In simple terms, we could understand this as the sort of bizarro-world version of left-wing cancel culture we might expect from the online right, where instead of being canceled for being racist, you get canceled for being not racist enough (an approach leading online right figures have openly advocated). But the schism also reveals a split in how “the West” and “civilization” are perceived within far-right circles. Is “the West” merely one bastion of cultural particularity equivalent to others, the internal integrity of which must be preserved (roughly, the multipolarist view)? Or is “the West” fundamentally superior, the pinnacle of all civilization, and therefore entitled to some sort of global preeminence over its inferior counterparts?

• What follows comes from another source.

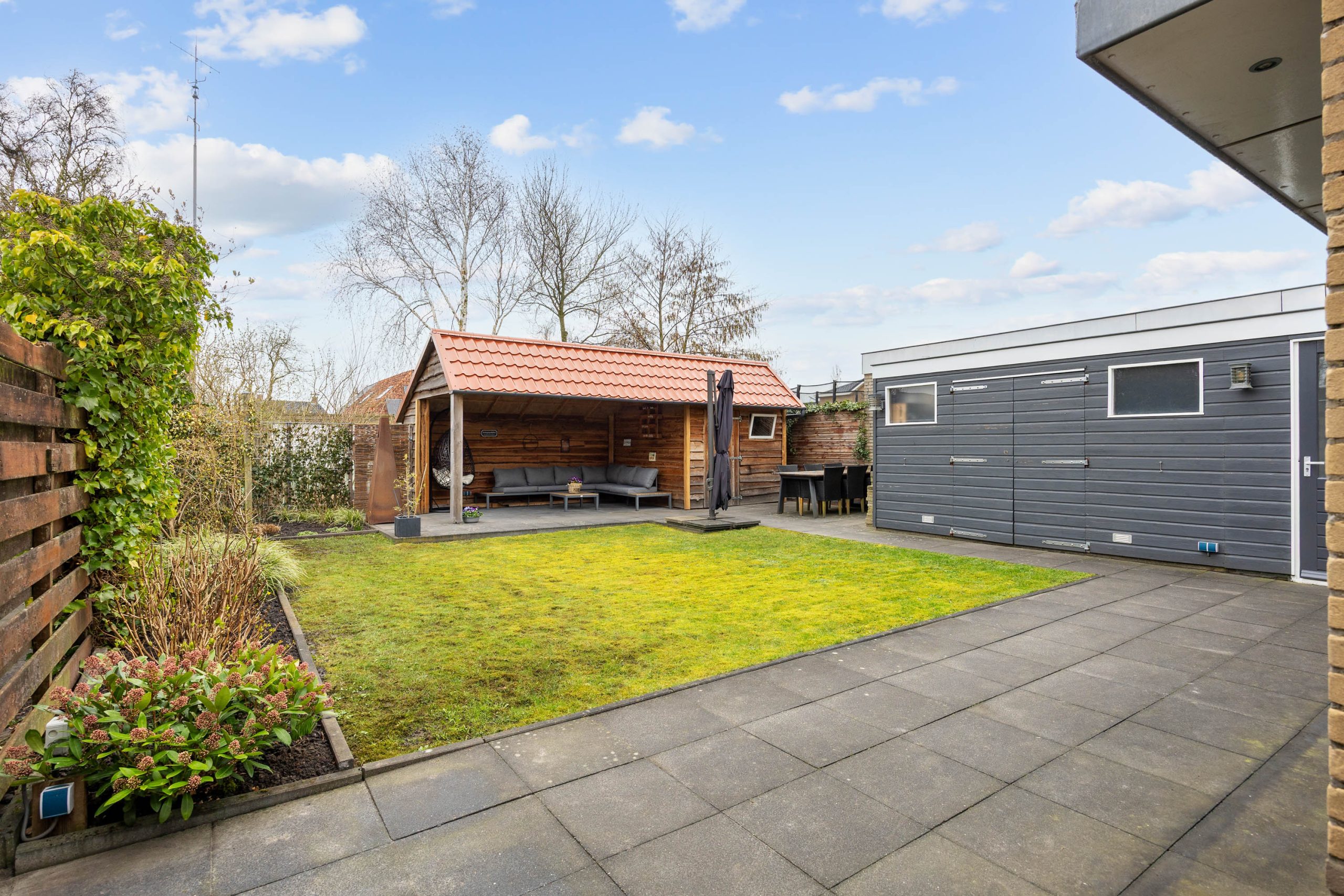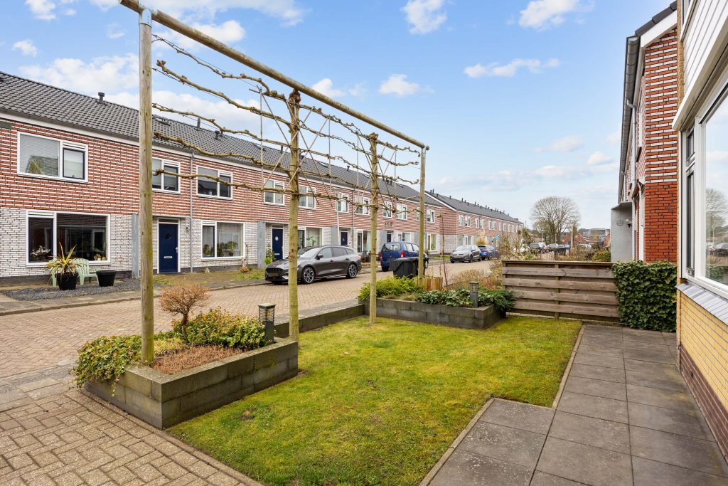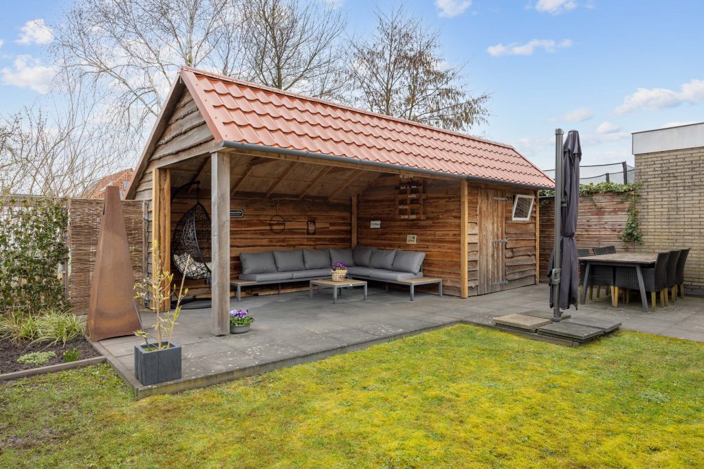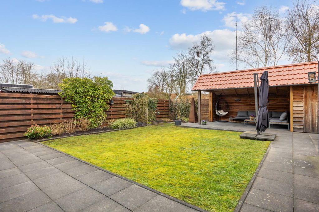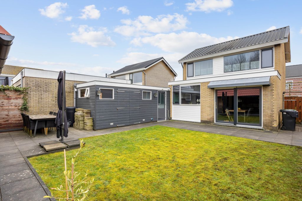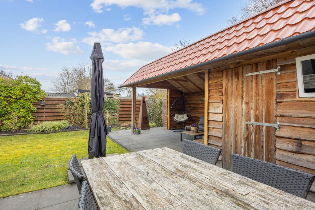 Je vindt veel privacy en beschutting in de, op het noorden gelegen, maar toch zonnige achtertuin. De ruime tuin heeft een achterom en bestaat grotendeels uit terras, gras en borders. De houten tuinberging is ideaal voor het stallen van de fietsen en/- of tuinmeubilair en de sfeervolle veranda/ terrasoverkapping met berging maken het geheel compleet.

Hoffmeister’s preference for the multipolarist view seems to have led to a rift with his employers, but it is largely in sync with the outlook of several major authors in the Arktos canon. Last year, the political theorist Miri Davidson wrote a fascinating analysis of the multiple convergences between de Benoist and Dugin—whose titles make up a considerable portion of the Arktos catalog—and left-wing “decolonial” thought. Like the Third-Worldists of the left, de Benoist and Dugin denounce Eurocentrism, globalization, and cultural homogenization, and proclaim a “right to difference.” Davidson quotes from a 2012 manifesto co-written by de Benoist that effectively collapses the opposition between “Third Worldism” and “civilizational renaissance” asserted by the Arktos leadership. While calling for a “European renaissance,” Benoist and his co-authors also state that their movement “supports peoples struggling against Western imperialism.”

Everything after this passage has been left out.